I'm after general prices; availability; brands; shops to buy from and in what areas etc. 

I touch down Saturday lane:

Thanks


----------



## Stevesolar (Dec 21, 2012)

Hi,
They are available in every mall - you won't have trouble finding them.
No idea on costs.
Cheers
Steve


----------



## Bails (Aug 26, 2015)

Lovely :blush:


----------



## twowheelsgood (Feb 21, 2013)

Anyone else thing a Dubai stone times two is about to start ?


----------



## Bails (Aug 26, 2015)

HaHa! No chance!


----------



## baderocks2 (Sep 20, 2015)

The website I always use is sporter.com , they have incredibly cheap prices and are very reliable.


----------



## twowheelsgood (Feb 21, 2013)

Bails said:


> HaHa!

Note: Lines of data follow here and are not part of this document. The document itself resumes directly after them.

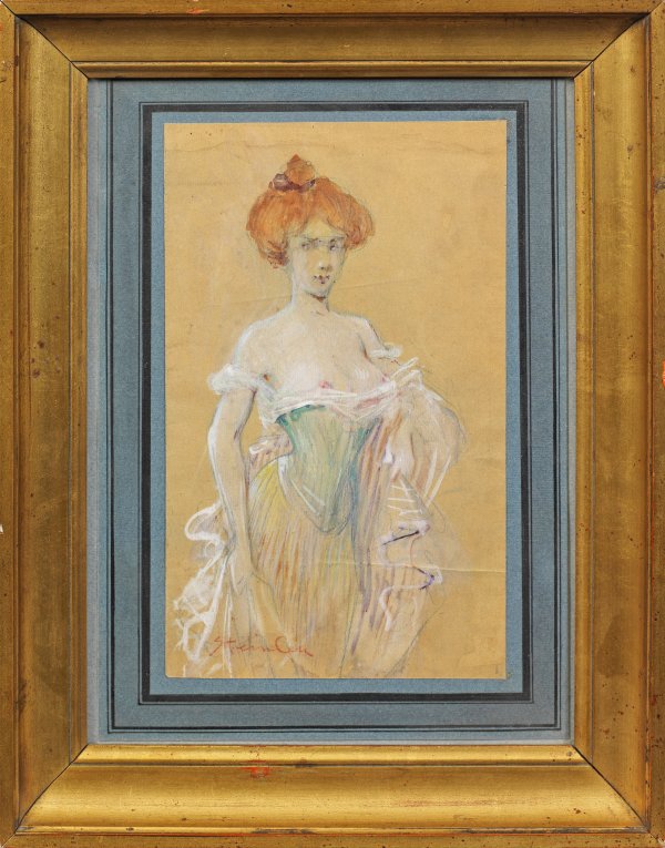 Bildnis einer stehenden Kokotte in freizügiger Pose. Außergewöhnlich erotisches Blatt des bedeutenden französischen Malers, Zeichners, Karikaturisten, Illustrators und Plakatkünstlers, der 1878 nach Paris ging und dort rasch zu den wichtigsten Künstlern des Montmartre zählte. Er gehört zu den Stammgästen des legendären Kabaretts "Le Chat Noir", für das er Plakate schuf und wo er u. a. Aristide Bruant, Henri Toulouse-Lautrec und Félix Vallotton kennenlernte. Zu seinem Freundeskreis zählten überdies Schrifsteller wie Emile Zola und Anatole France. Ab 1893 präsentierte er seine Werke im Salon des Indépendants, 1903 beteiligte sich Steinlen mit über 150 Werken an der Berliner Sezessionsausstellung. Mischtechnik (Aquarell bzw. Gouache mit Weißhöhungen und Farbstiften)/hellbraunes Papier. L. u. sign.; Blatt ca. 26 cm x 15,5 cm. Rahmen.
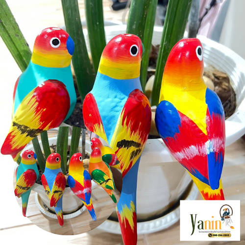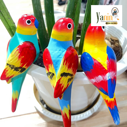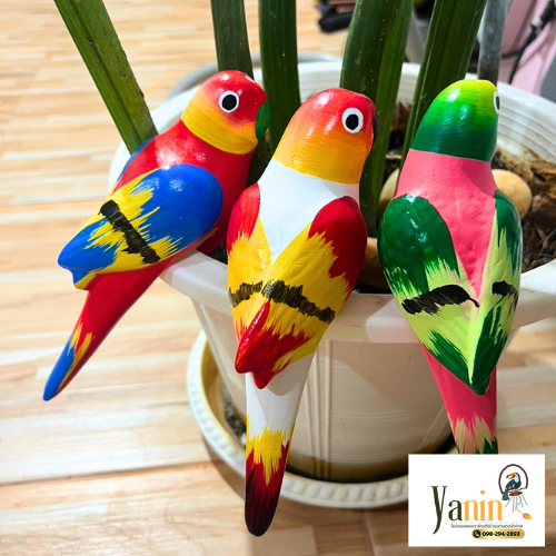 นกเซรามิกเกาะกระถางสีรุ้ง
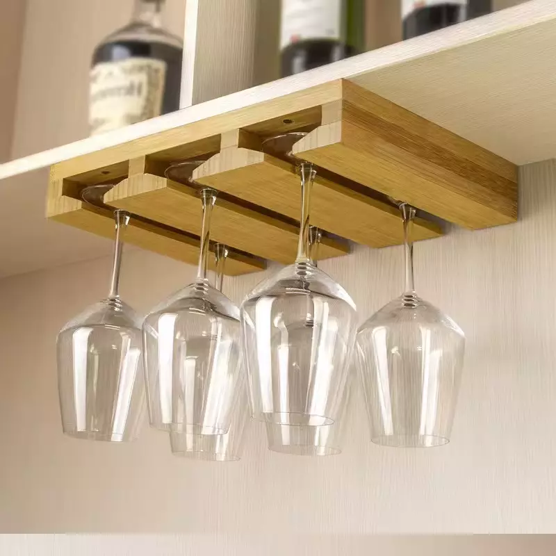Элегантный подвесной держатель для бокалов из натурального бамбука,
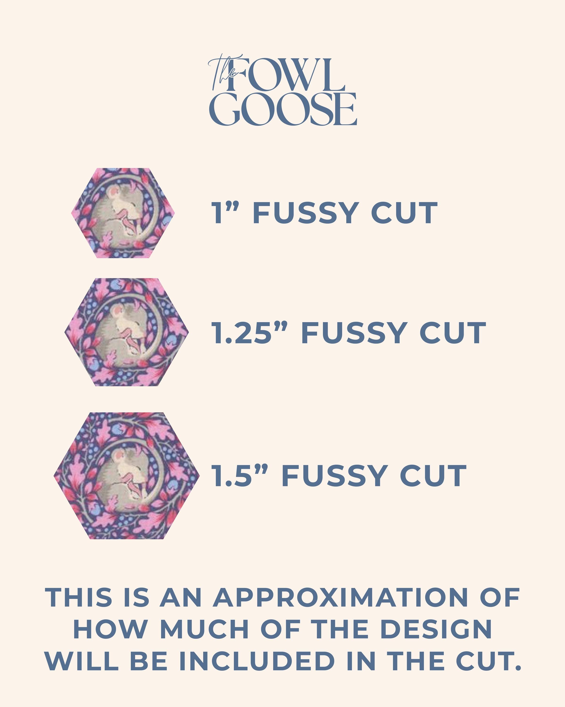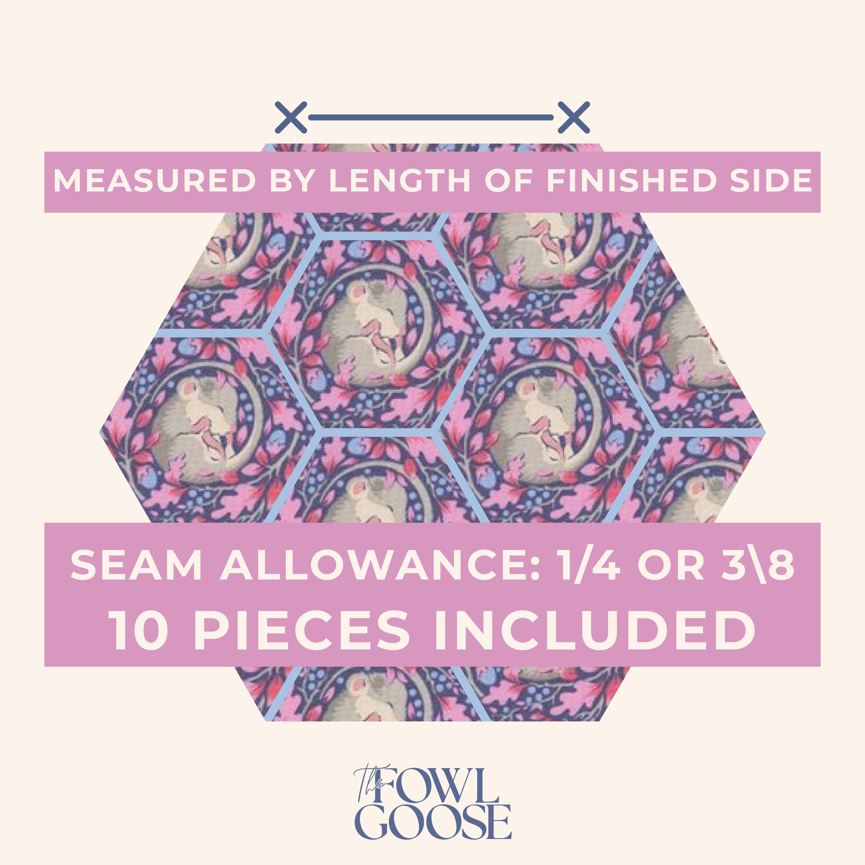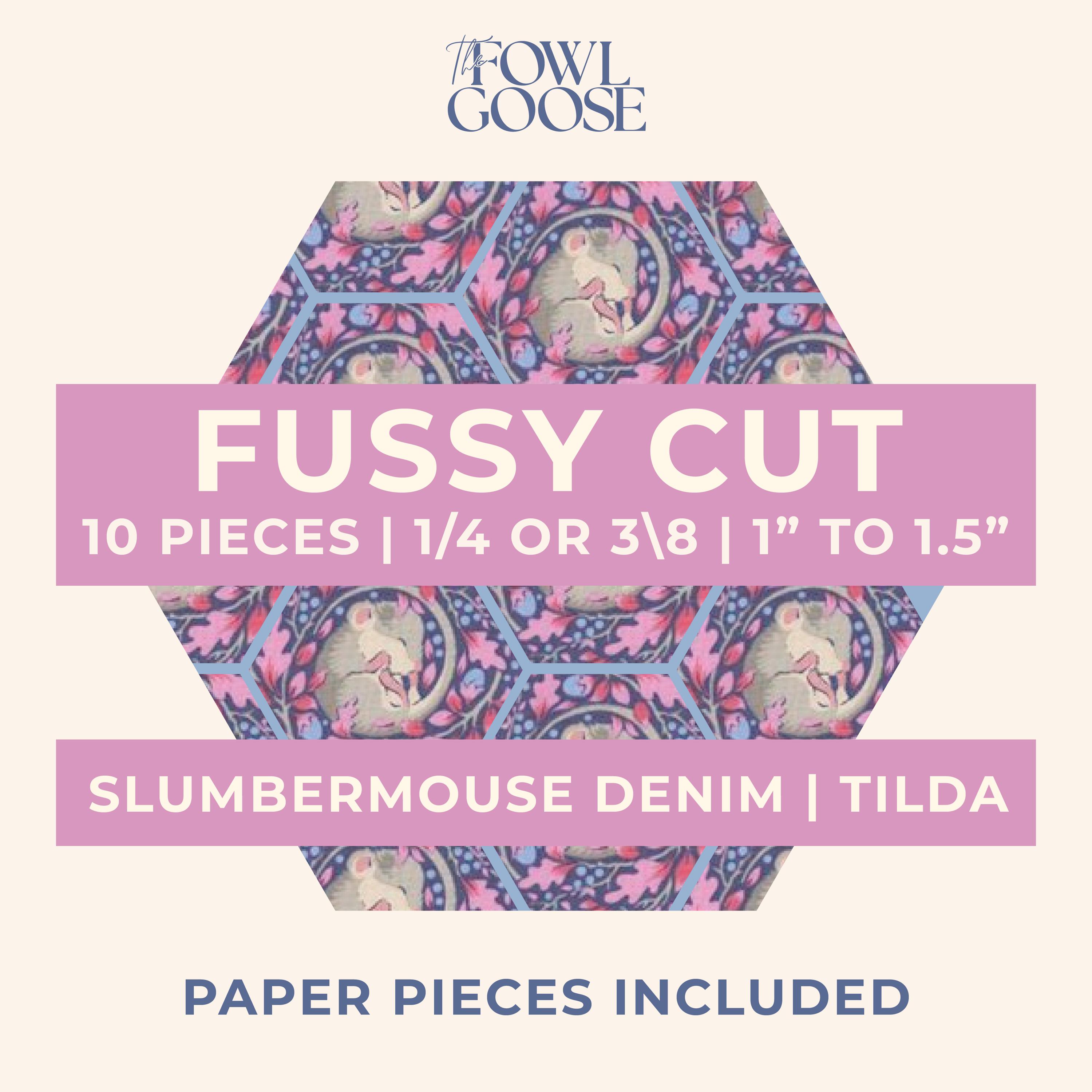 This listing is for a set of 10 fussy cut hexagons from Tilda Fabrics in Hibernation Slumber Mouse Denim - either 1/4" (.25") or 3/8" (.375").
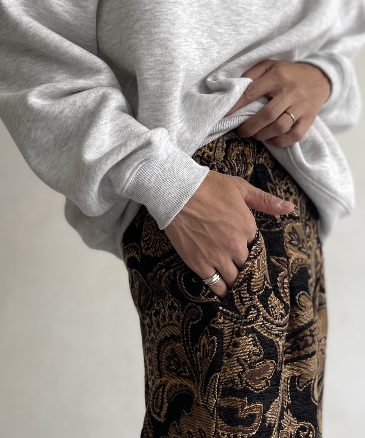スタイリングのポイントになる総柄デザインは、印象的でありながらも落ち着いたトーンでシンプルなスタイリングも格上げしてくれます。
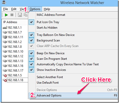 Step 1: Open the Wireless Network Watcher software. Then go to Options > Advanced Options or press F9 (short cut key).
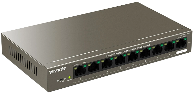 Коммутатор Tenda TEF1109P-8-102W (L2) 9x100Мбит/с 8PoE 92W неуправляемый
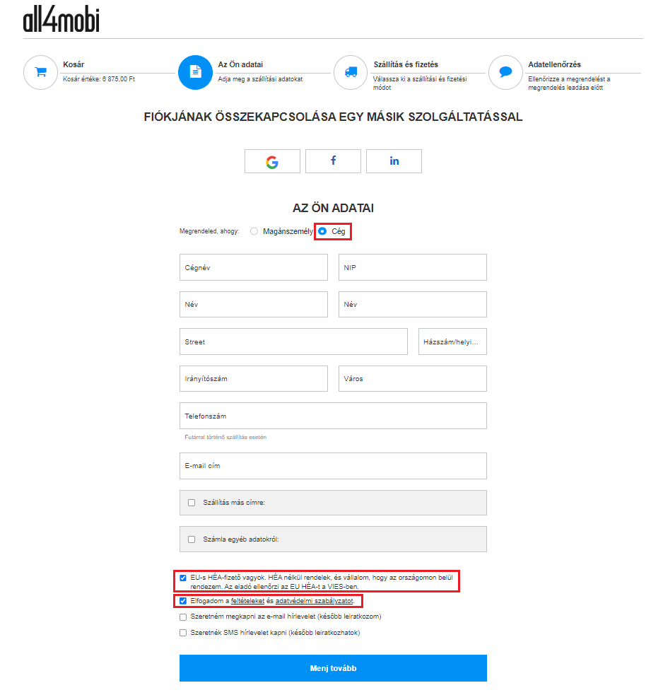 Az All4mobi S.A. webáruházat egy varsói székhelyű lengyel vállalat üzemelteti. Ha Ön nem lengyelországi áfaalany, akkor a vásárlásához szükséges az áfa összegének csökkentése. Az adatok megadásakor mindössze annyit kell tennie, hogy elolvassa és elfogadja a felhasználási feltételeket és az adatvédelmi szabályzatot, valamint bejelölje a következő négyzeteket:
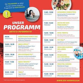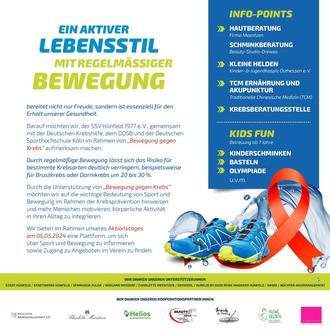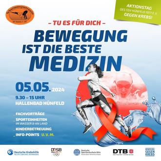Hünfeld. "Bewegung ist die beste Medizin" Das hat sich der Schwimmsportverein Hünfeld zu Herzen genommen und unterstützt deshalb den bundesweiten Aktionstag " Bewegung gegen Krebs " am 05.05.2024 im und um das Hallenbad Hünfeld. Es erwarten die Besucher tolle sportliche Angebote im Vereinsraum und im Wasser. Fachvorträge mit Tipps und Hilfen für mehr Bewegung, Pflege der Haut, sowie eine ganzheitliche Gesundheitsberatung. Die Einnahmen aus dem Verkauf von Kaffee und Kuchen werden der deutschen Krebshilfe gespendet. Der Verein freut sich auf viele Besucher.
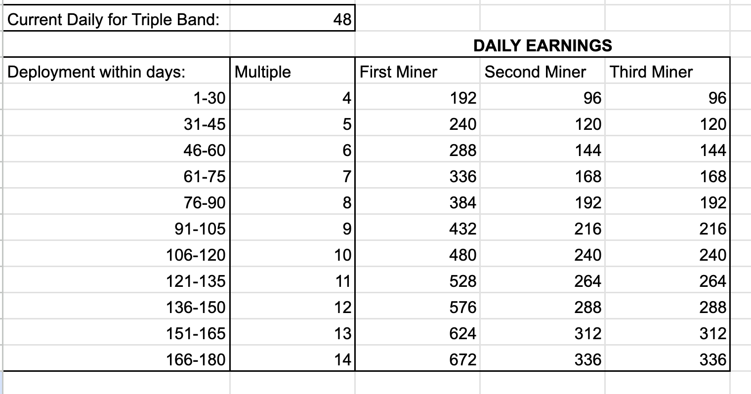 Ok, that's cool Nik. What about the miners? What do we get? As soon as a stake is Active, the first miner deployed into any res5 hex in the SuperHex within the first 30 days will earn a 4X multiple on their mining rewards for one year from the time of the first deployment. Deployment will switch the SuperHex from Active to Producing. If you have a triple band miner (and you bloody well should, they're the highest earning miners in GEODNET), that means as of August 2023 you'll earn 48 x 4 = 192 GEOD tokens/day.
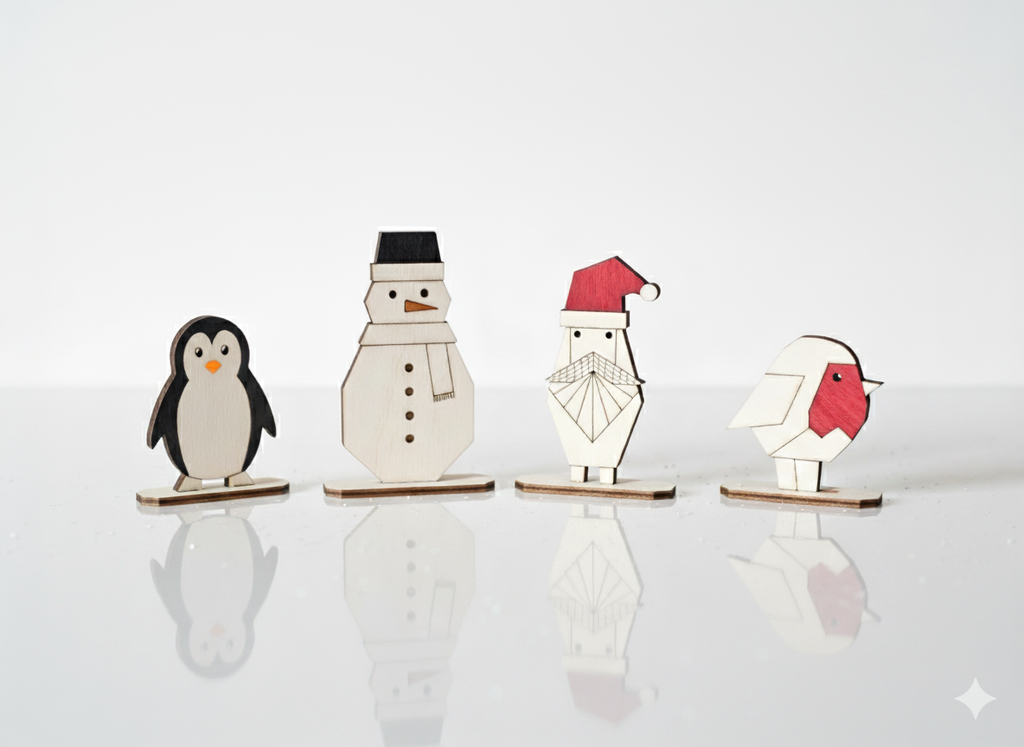 - Festive Friends: Charming wooden characters, including the Penguin, Snowman, Santa, and Robin.
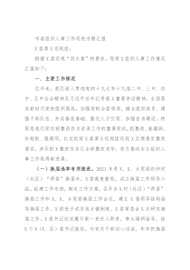 市委组织人事工作巡视专题汇报X委第X巡视组:根据X委巡视“回头看”的要求,现将X组织人事工作情况汇报如下:一、主要工作情况近年来,我们深入贯彻党的十九大和十九届二中、三中、四中、五中全会精神及习近平总书记考察X重要讲话精神,全面落实新时代党的组织路线,加强党的全面领导,健全组织体系、
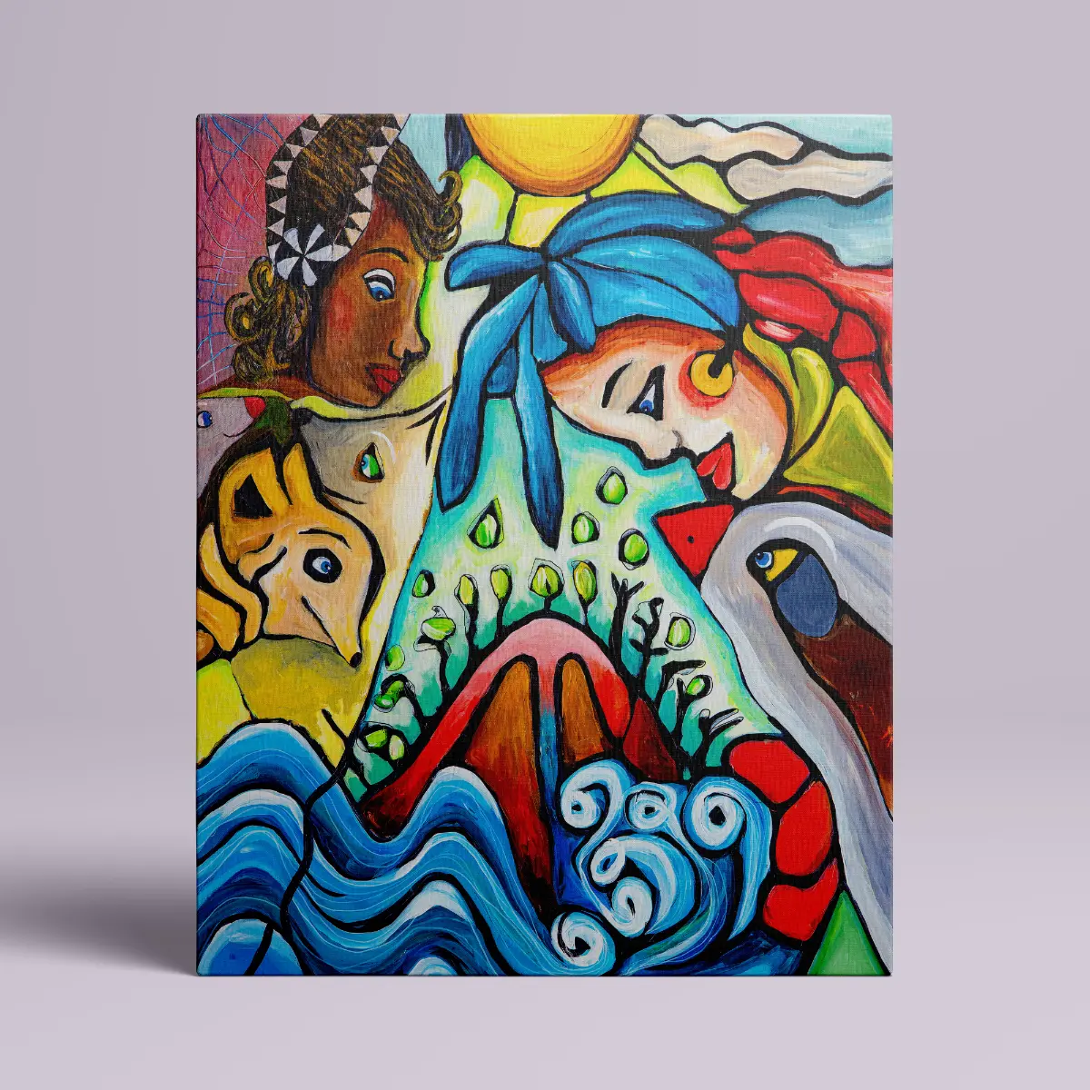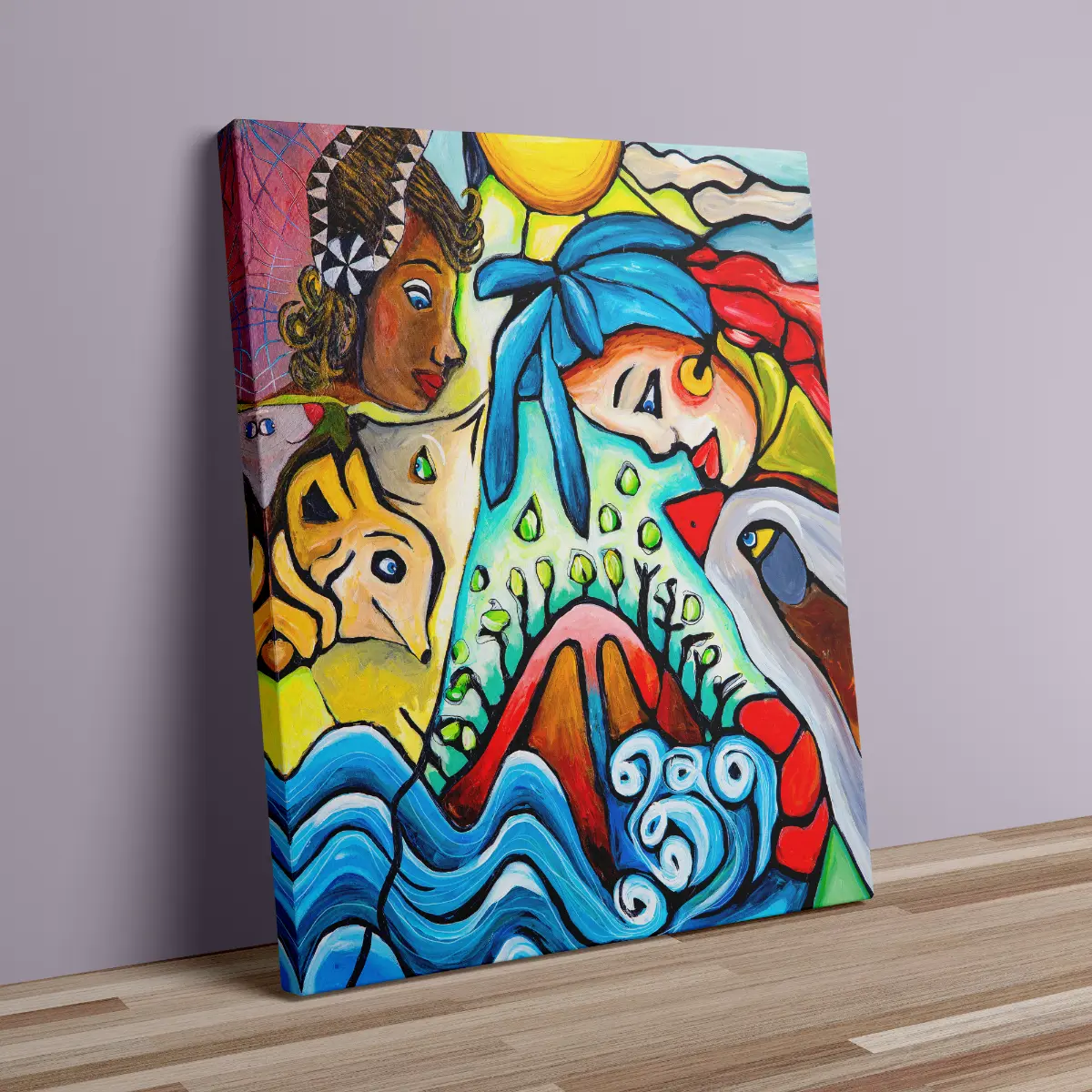 Beautiful Life canvas print with colorful figures and nature. Vibrant wall art print on canvas full of harmony, emotion, and modern expression.

No chance!


You clearly haven't lived here before.


----------



## Scot_in_DXB (Sep 22, 2015)

I was a steady 69kgs throughout 4 years of uni in Scotland (under-weight but sporty), then after 3 months of living in Dubai I was 81kgs


----------



## Bails (Aug 26, 2015)

Without going down the route of 'you haven't lived here before, I do, so therefore, I'm well positioned to comment' - with all due respect, you don't really know my personal involvement with fitness.


----------



## Bails (Aug 26, 2015)

Scot_in_DXB said:


> I was a steady 69kgs throughout 4 years of uni in Scotland (under-weight but sporty), then after 3 months of living in Dubai I was 81kgs


81kg sounds more appealing than 69kg no? Providing you've kept active and ate a reasonably sensible diet, sounds like a good bulk to me :stuck_out_tongue_closed_eyes:


----------



## Bails (Aug 26, 2015)

baderocks2 said:


> The website I always use is sporter.com , they have incredibly cheap prices and are very reliable.


Thanks! 

I'm guessing they deliver to your work place or home?


----------



## Scot_in_DXB (Sep 22, 2015)

Bails said:


> 81kg sounds more appealing than 69kg no? Providing you've kept active and ate a reasonably sensible diet, sounds like a good bulk to me :stuck_out_tongue_closed_eyes:


Yeah you are right, 69kgs is way too low for a 6ft tall guy! Thankfully after 4 and a half years of free accommodation in International City I am finally moving to a nice 2-bed in the marina this weekend and will have access to a decent gym and swimming pool! 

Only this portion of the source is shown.